Soviet looking trams

Finally, there are trolley buses and buses – which basically do the same things, except I can follow wires overhead to see where trolleybuses go and I can’t with buses.  Ultimately, this means that trolleybuses are confined to denser areas where the wires can be connected comprehensively and the buses go out further into the fringe of the city.  Needless to say, buses are an essential part of my transport.

 It's blue!

It's red!

While this is the core of the public transportation system, in Buda, there are a couple of outliers mainly designed for tourists/weekenders, not commuting, both in the Buda Hills to take you into the parks.  Both are gimmicks. There is the cogwheel railroad (which I've not used yet), which is an old-style railroad that takes you in to the forest.  And then there is the children's railroad, which is run and administered and conducted by children.  Thankfully, driven by adults.

The children's railroad made all the more harrowing that, while run by children, it appears to have the fewest safety features of any of the public transportation options in Budapest.

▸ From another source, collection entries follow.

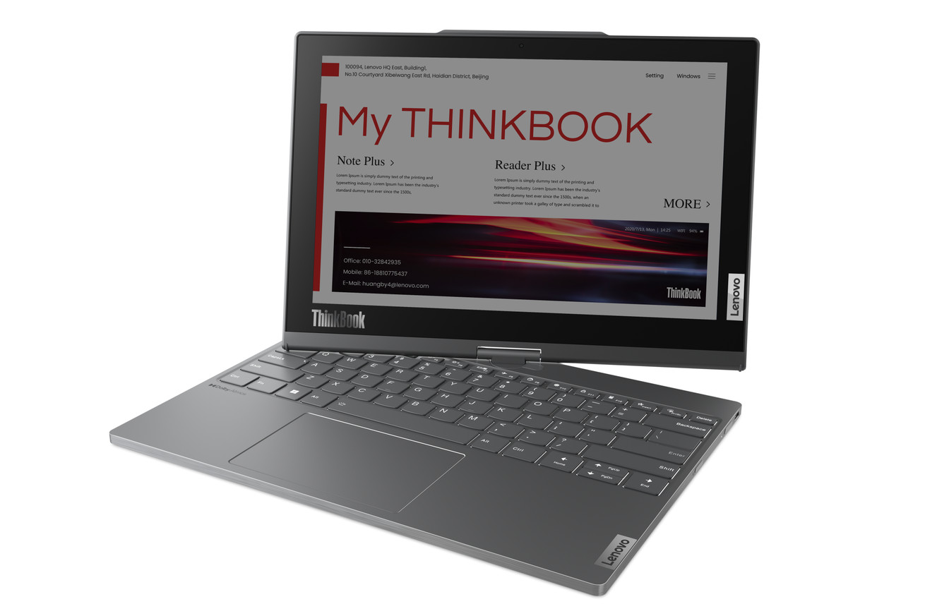 But why should I have to choose between a great screen and one I use all day? Why not both? That’s the idea behind the ThinkBook Plus Twist, a new laptop that Lenovo’s announcing at CES 2023.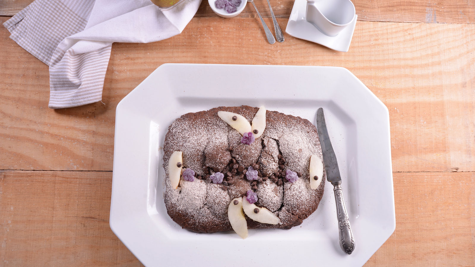 Extraemos la empanadilla del horno y la dejamos enfriar unos minutos. Espolvoreamos un poco de azúcar glas por encima. Decoramos con unos gajos de pera, unos chips de chocolate y unos caramelos de violetas.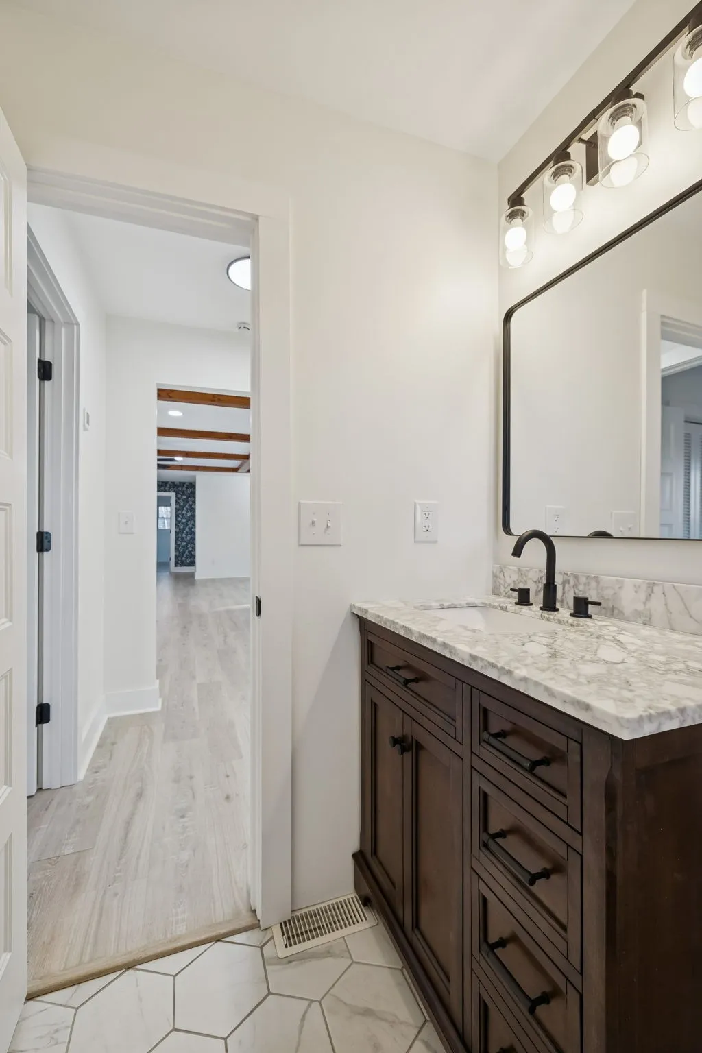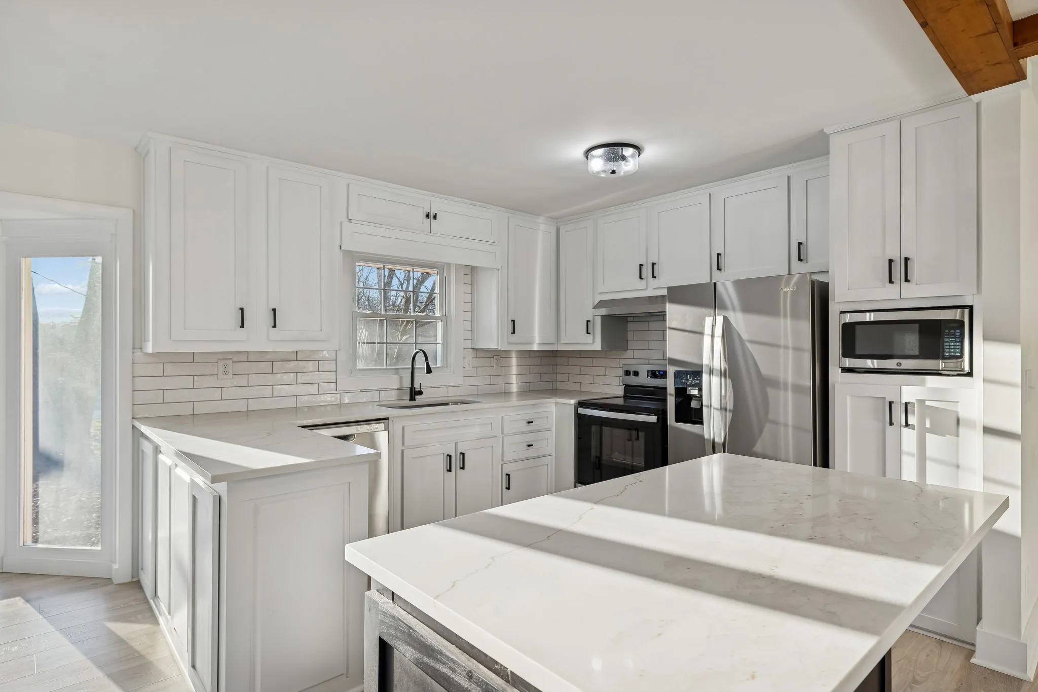Step inside to an open-concept living area featuring high ceilings, exposed wood beams, new flooring, recessed lighting, and a cozy fireplace that anchors the space. The fully remodeled kitchen shines with custom white cabinetry, quartz countertops, subway tile backsplash, stainless steel appliances, and modern black hardware—perfect for everyday living and entertaining.

So far, it's served me well - yet despite all of these options available, Budapest has been under a perpetually worsening smog warning for the past two weeks.  Go figure!

Tuesday, October 25, 2011

I’ve admittedly been a lazy blogger of late; something about writing into the black hole of the internet loses its luster when you’ve got graded assignments to do all the time.  But a sufficient number of you have complained to convince me that people at least sort of read my ramblings, so I’ll attempt to get back into it (with a couple of backdated entries).

Anyway.  Sometime in early October, I visited Esztergom, a small city of about 30,000 right on the Slovak border, and home of the biggest church in Hungary.  It served as the capital of Hungary from the 900s to the 1200s, evidenced by the fort near the Basilica. 

Esztergom’s proximity to Slovakia should have dawned on me, but didn’t.  We sat at the Danube near the river in a nice, relaxing park area, but the thought to walk across the bridge and be in another country just did not compute.  If you ever need evidence that the Schengen Zone is working, that such a national border can be so unassuming, I guess that’s your first argument right there.

Statue down by the river

The Esztergom Basilica is not only the biggest in Hungary, but it also serves as the head of the Hungarian Catholic Church.  Given its prominence on a cliff overlooking the Danube (and OK, given its immense size), it’s readily visible from most everywhere in the city.  Nothing like an easy point of reference to avoid getting disoriented.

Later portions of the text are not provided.